In an e-mail message, the presumptive Democratic presidential nominee said the decision means that his campaign will forgo more than $80 million in public funds.
In exchange for taking public funds, candidates usually agree to a cap on the amount of money they can spend on their campaigns.
"It's not an easy decision, and especially because I support a robust system of public financing of elections," Obama wrote. "But the public financing of presidential elections as it exists today is broken, and we face opponents who've become masters at gaming this broken system."
Obama repeatedly broke campaign fundraising records during the Democratic primary season. Since January 2007, he has raised more than $272 million.
Sen.
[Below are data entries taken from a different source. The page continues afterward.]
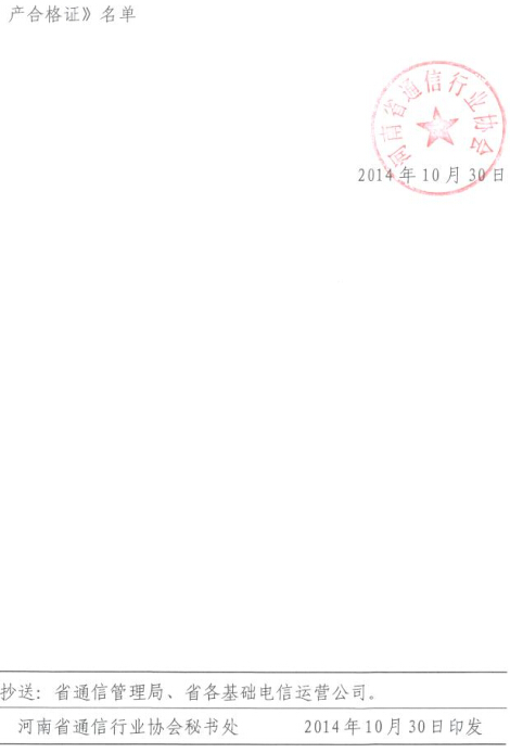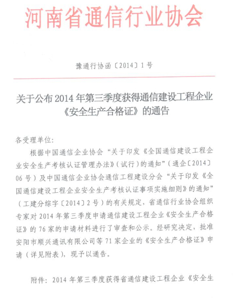 關(guān)于公布2014年第3季度獲得通信建設(shè)工程企業(yè)《安全生產(chǎn)合格證》的通告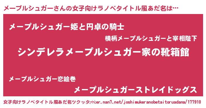 | 胡散臭い通販商品みたいなあだ名 | 『必ず成功する霊験あらたかなお札…その名も「メープルシュガー」』 |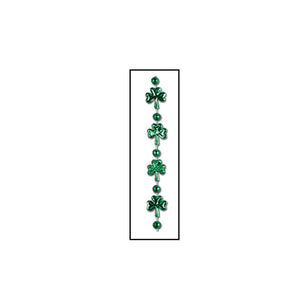 Details: Show off that St. Patrick's Day Spirit by Sporting at Least one of these Shamrock Bead Necklaces! They are made of a lightweight plastic with a metallic green finish. The necklace itself alternates between green shamrocks little green balls. Comes one per package. 33 Inch. 12 per case.
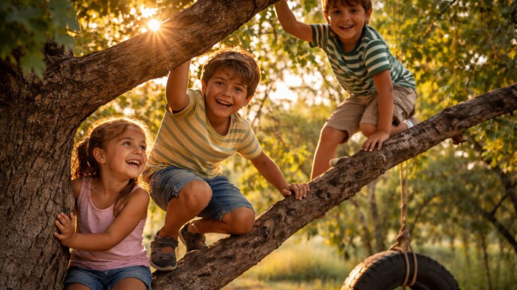 A nostalgia de infância ligada a subir em árvore costuma ser intensa porque envolve experiências completas: corpo em movimento, emoção, desafio e convivência. A criança calcula o próximo galho, testa a firmeza do tronco, controla o medo da altura e muitas vezes divide o espaço com irmãos, primos ou amigos da rua.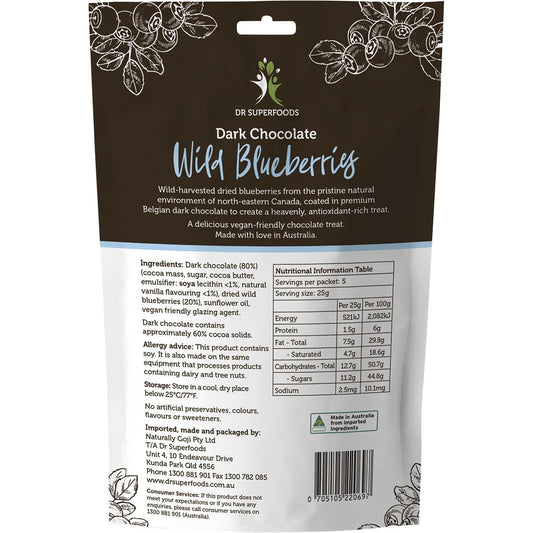 Dr Superfoods Wild Blueberries Dark Chocolate 125g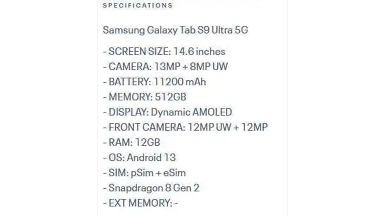 今回同氏がTwitterにGalaxy Tab S9 Ultraの一部スペックとプレス画像をtweetしていることが判明。ただ残念なことに著作権の問題から削除されておりTwitter上では現在確認することができません。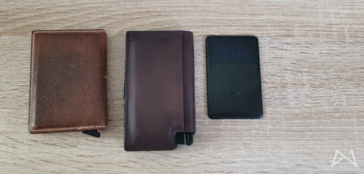 Das Material links im Falle der SECRID ist Kork und durch die jahrelange Nutzung schon gut mitgenommen. Ich mag das aber. Das Ekster Wallet ist ein wenig länger, aber dadurch ist der Mechanismus zum Ausfahren der Karten leichter zu bedienen.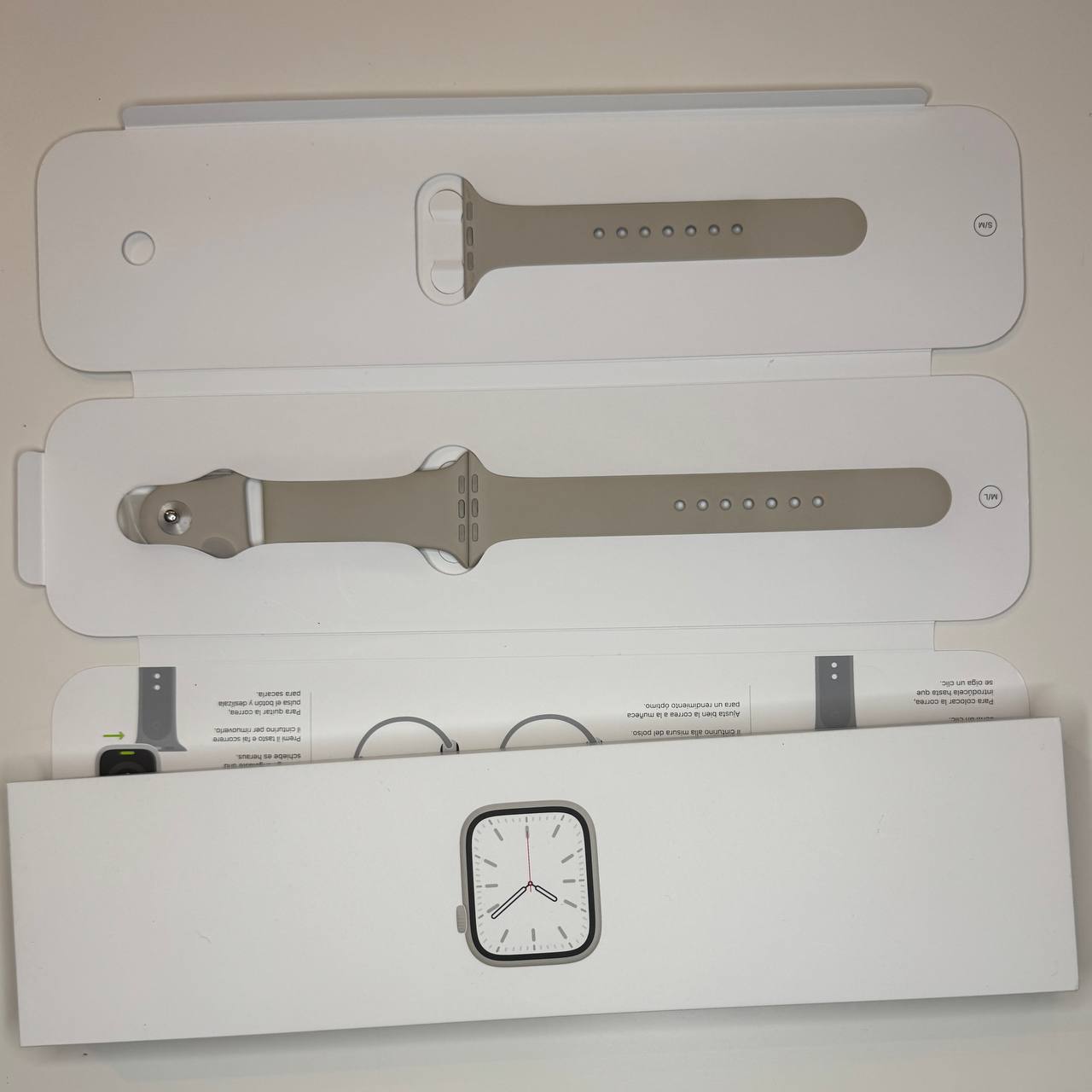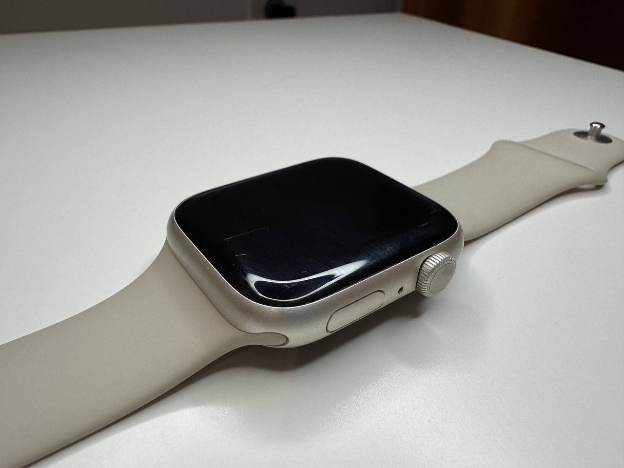 Продаю Apple Watch Series 7 45mm Starlight (7 поколение) Полный комплект: коробка, часы, ремешок, кабель зарядки. Часы в хорошем состоянии. На часах есть царапины на стекле (смотрите фото), но на работу часов не влияет. Оригинальный ремешок в отличном состоянии, его почти не носил. Цена: 400 лари

John McCain, the presumptive Republican presidential nominee, raised less than half that amount, roughly $100 million, over the same period.
Obama's advisers argue that the Illinois Democrat has set up a "parallel" public fundraising system by soliciting small donations over the Internet.
Two months ago, McCain criticized Obama for appearing to backtrack from a previous commitment to accept public financing for his presidential campaign.
Steve Schmidt, a senior McCain adviser, called Obama's decision to opt out of public financing "a broken promise of staggering dimensions."
Of course, what's broken about the campaign finance system is that Barack Hussein Obama has shown that he can raise a lot more than $80 million.
Key phrase: His broken promise: “I will aggressively pursue an agreement with the Republican nominee to preserve a publicly financed general election.”